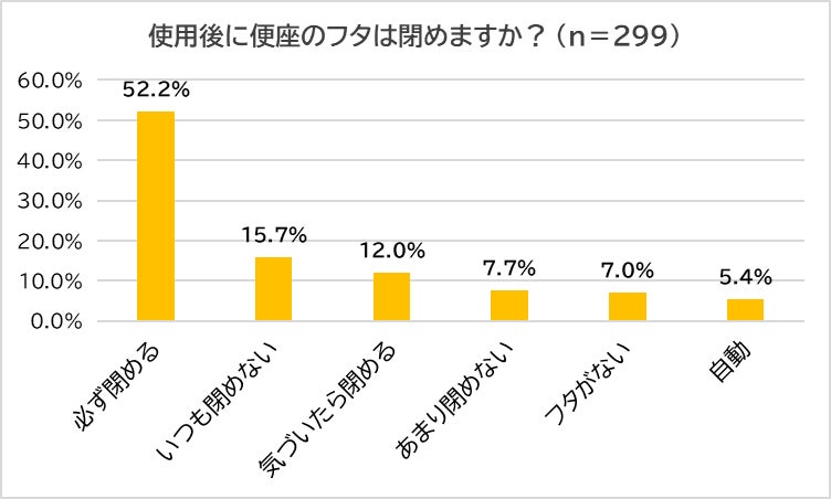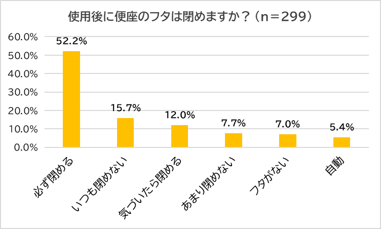 最後に「使用後、便座のフタを閉めるか?」尋ねました。半数以上が「必ず閉める」(52.2%)と回答しましたが、「フタがない」(7.0%)ため物理的に閉めることができない人、「いつも閉めない」(15.7%)、「気づいたら閉める」(12.0%)、「あまり閉めない」(7.7%)など42.1%が使用後にフタが開けっ放しの状態があることがわかりました。
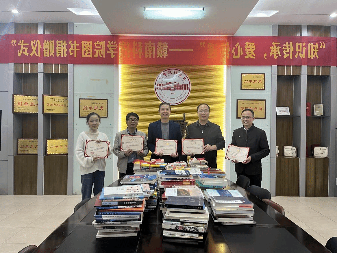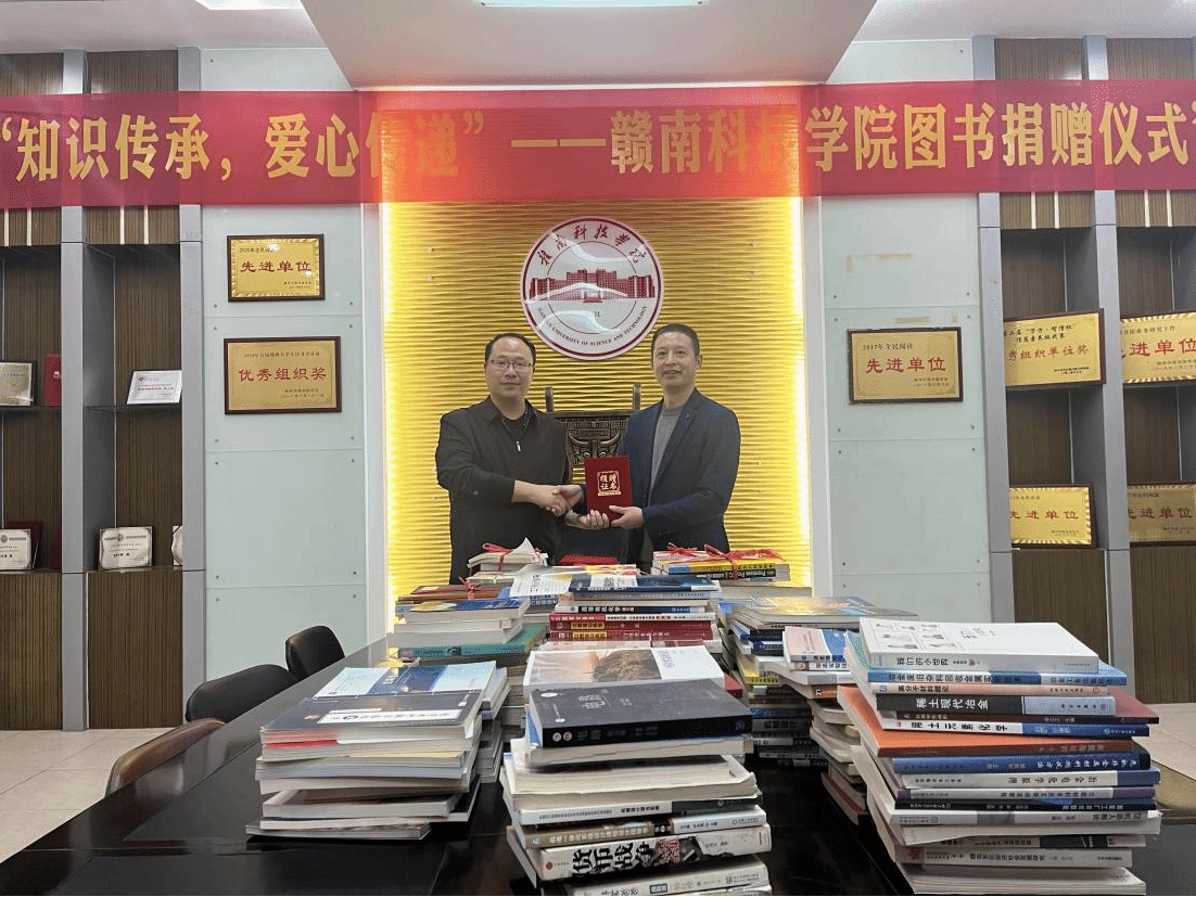本网讯:为响应“同心关爱赣科,共建书香校园——图书捐赠活动”,2023年11月21日星期二下午16:30分,机电工程系在校图书馆会议室举行“知识传承,爱心传递”--赣南科技学院图书捐赠仪式活动。
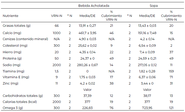En el complemento tipo bebida achocolatada se encontró que este puede considerarse como excelente fuente de proteína, zinc, calcio ya que cubre el 49%, 38% y 46% respectivamente de los VRN-N; y buena fuente de hierro y vitamina E donde cubre el 22% y el 17% respectivamente de los VRN-N, mientras que el complemento tipo sopa puede considerarse excelente fuente de proteína, zinc, hierro, tiamina, vitamina E cubriendo el 49%, 31%, 37%, 15% y 71% respectivamente de los VRN-N, de igual forma de omega 3 ya que aporta más de 600mg/100g del complemento; y buena fuente de calcio donde cubre el 15% del VRN-N. Los resultados de la caracterización fisicoquímica y nutricional se pueden observar en la Tabla 5.
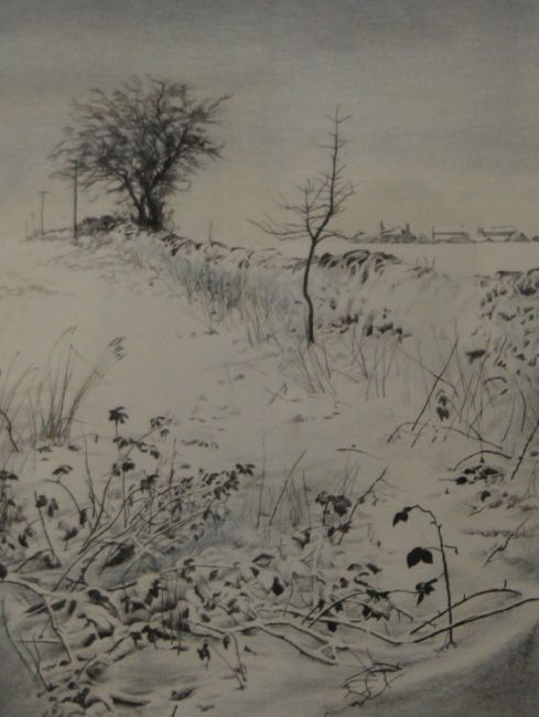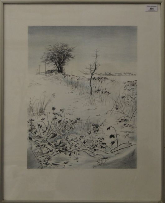 Drystone Wall and Grasses in a Winter Landscape, artist's proof, indistinctly signed and titled, framed and glazed. 51.5 x 63.5 cm overall.
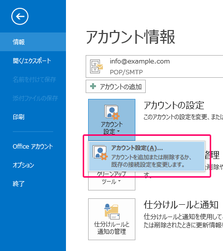 『アカウント設定』→『アカウント設定』の順番にクリックします。
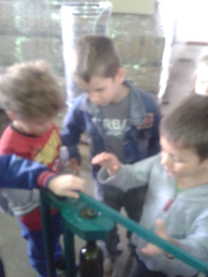 Pokazao nam je kako radi presa i melje grožđe. Gdje odlazi vino,a gdje ostatak grožđa. Pokazao nam je i vinski podrum te način na koji se pune boce vinom. Isprobali smo i sami flaširati vino. Na kraju smo se malo provozali na viljuskaru.

--------------------------------------------------

**WHAT YOU WILL DO**
Exclude all images and return the listing word for word.

**RESULT FOR THIS TASK**
 最後に「使用後、便座のフタを閉めるか?」尋ねました。半数以上が「必ず閉める」(52.2%)と回答しましたが、「フタがない」(7.0%)ため物理的に閉めることができない人、「いつも閉めない」(15.7%)、「気づいたら閉める」(12.0%)、「あまり閉めない」(7.7%)など42.1%が使用後にフタが開けっ放しの状態があることがわかりました。
本网讯:为响应“同心关爱赣科,共建书香校园——图书捐赠活动”,2023年11月21日星期二下午16:30分,机电工程系在校图书馆会议室举行“知识传承,爱心传递”--赣南科技学院图书捐赠仪式活动。
En el complemento tipo bebida achocolatada se encontró que este puede considerarse como excelente fuente de proteína, zinc, calcio ya que cubre el 49%, 38% y 46% respectivamente de los VRN-N; y buena fuente de hierro y vitamina E donde cubre el 22% y el 17% respectivamente de los VRN-N, mientras que el complemento tipo sopa puede considerarse excelente fuente de proteína, zinc, hierro, tiamina, vitamina E cubriendo el 49%, 31%, 37%, 15% y 71% respectivamente de los VRN-N, de igual forma de omega 3 ya que aporta más de 600mg/100g del complemento; y buena fuente de calcio donde cubre el 15% del VRN-N. Los resultados de la caracterización fisicoquímica y nutricional se pueden observar en la Tabla 5.
 Drystone Wall and Grasses in a Winter Landscape, artist's proof, indistinctly signed and titled, framed and glazed. 51.5 x 63.5 cm overall.
 『アカウント設定』→『アカウント設定』の順番にクリックします。
 Pokazao nam je kako radi presa i melje grožđe. Gdje odlazi vino,a gdje ostatak grožđa. Pokazao nam je i vinski podrum te način na koji se pune boce vinom. Isprobali smo i sami flaširati vino. Na kraju smo se malo provozali na viljuskaru.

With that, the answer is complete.